Impact of congenital heart disease on outcomes among pediatric patients hospitalized for COVID-19 infection
BMC Pediatrics volume 23, Article number: 240 (2023)
COVID-19 infection is generally regarded as an acute self-limiting illness in children, but it can cause significant morbidity and mortality in both healthy and high-risk children. There are limited data on the outcomes of children with congenital heart disease (CHD) and COVID-19. This study aimed to examine the risks of mortality, in-hospital cardiovascular and non-cardiovascular complications in this patient population.
We analyzed data from hospitalized pediatric patients from 2020 using the nationally representative National Inpatient Sample (NIS). Children hospitalized for COVID-19 were included, and weighted data were used to compare in-hospital mortality and morbidities between children with and without CHD.
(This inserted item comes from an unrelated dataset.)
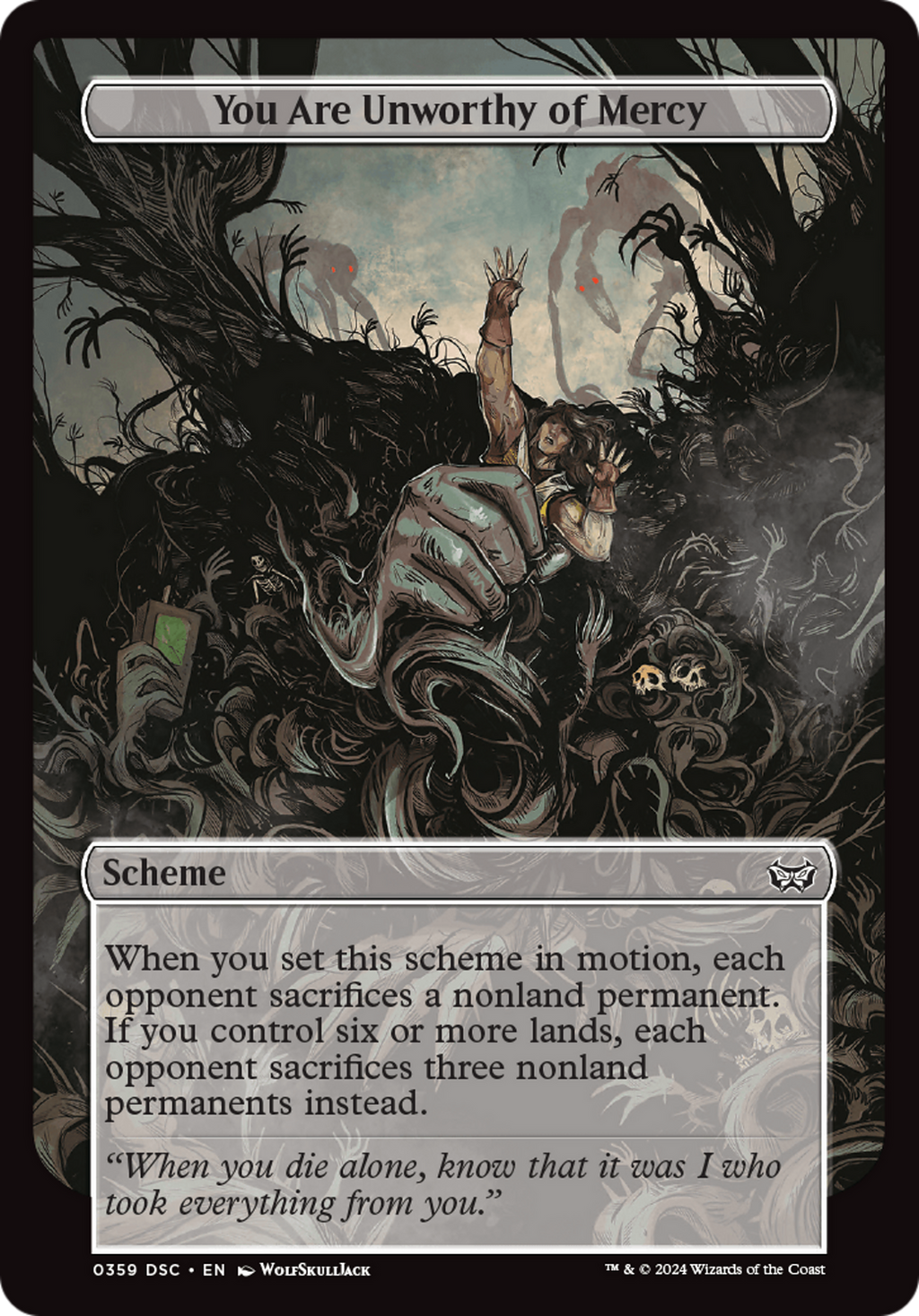When you set this scheme in motion, each opponent sacrifices a nonland permanent. If you control six or more lands, each opponent sacrifices three nonland permanents instead.

Out of 36,690 children admitted with a diagnosis of COVID-19 infection(ICD-10 code:U07.1 and B97.29) during calendar year 2020, 1240 (3.4%) had CHD. The risk of mortality in children with CHD was not significantly higher than those without CHD(1.2% vs. 0.8%, p = 0.50), with adjusted OR (aOR) of 1.7 (95% CI: 0.6–5.3). Tachyarrhythmias and heart block were more likely in CHD children with an aOR of 4.2 (95% CI: 1.8–9.9) and aOR of 5.0 (95% CI: 2.4–10.8), respectively. Similarly, respiratory failure [aOR = 2.0 (1.5–2.8)], respiratory failure requiring non-invasive mechanical ventilation [aOR = 2.7 (1.4–5.2)] and invasive mechanical ventilation [aOR = 2.6 (1.6-4.0)], and acute kidney injury [aOR = 3.4 (2.2–5.4)] were all significantly higher among patients with CHD. Median length of hospital stay in children with CHD was longer than those without CHD [5 days (IQR: 2–11) vs. 3 days (IQR: 2–5), p = < 0.001].
Children with CHD hospitalized with COVID-19 infection were at increased risk of serious cardiovascular and non-cardiovascular adverse clinical outcomes. They also had increased length of hospital stay and utilization of healthcare resources.
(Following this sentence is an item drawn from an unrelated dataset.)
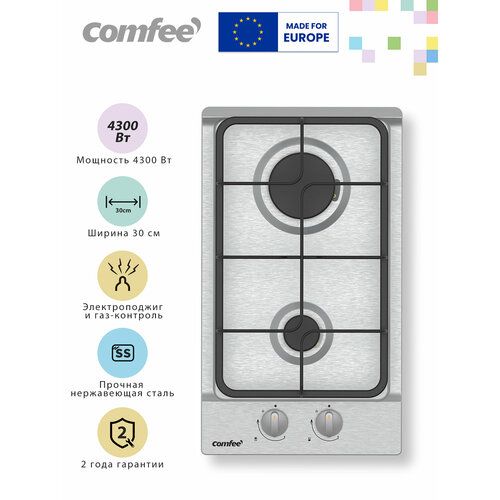 НАЙТИ ВЫГОДНЕЕ - Газовая варочная панель Comfee CGH301X, 2 конфорки домино, ширина 30 см, нержавеющая сталь, электроподжиг, газ-контроль

The coronavirus pandemic resulting from cases initially reported in Nov-Dec 2019 has affected people worldwide, with more than 600 million infections and more than 6 million deaths as a result as of November 2022 . COVID-19 infection is generally regarded as an acute self-limiting illness in healthy children, but it can cause significant morbidity and mortality in both healthy and high-risk children . Multi-system inflammatory syndrome in children (MIS-C) and other complications related to cardiovascular and non-cardiovascular systems have been reported in case reports and case series [3,4,5,6,7,8,9,10,11,12,13,14,15]. There have been reports of myocardial injury amongst children and adults hospitalized with severe COVID-19 infection. Possible causes of myocardial injury in patients with COVID-19 include myocarditis, hypoxic injury, cardiomyopathy, ischemic injury caused by cardiac microvascular damage or coronary artery disease. Given the risk of COVID-19 infection in children, vaccines against COVID-19 have been approved for use in children aged 6 months and older, and have been shown to be effective in preventing complications and hospitalization from COVID-19 infection [16,17,18,19].
Congenital heart disease (CHD) is prevalent in 1% of the population . These children are at increased risk for complications from respiratory viral infections, including influenza and respiratory syncytial virus (RSV) [21, 22], but there are only limited data on complications associated with COVID-19 infection among children with CHD [2, 23, 24]. Here, we report an analysis from a recent nationwide cross-sectional retrospective study based on the United States National Inpatient Sample (NIS) database to examine mortality risks and in-hospital cardiovascular and non-cardiovascular complications as a result of COVID-19 infection among children with CHD.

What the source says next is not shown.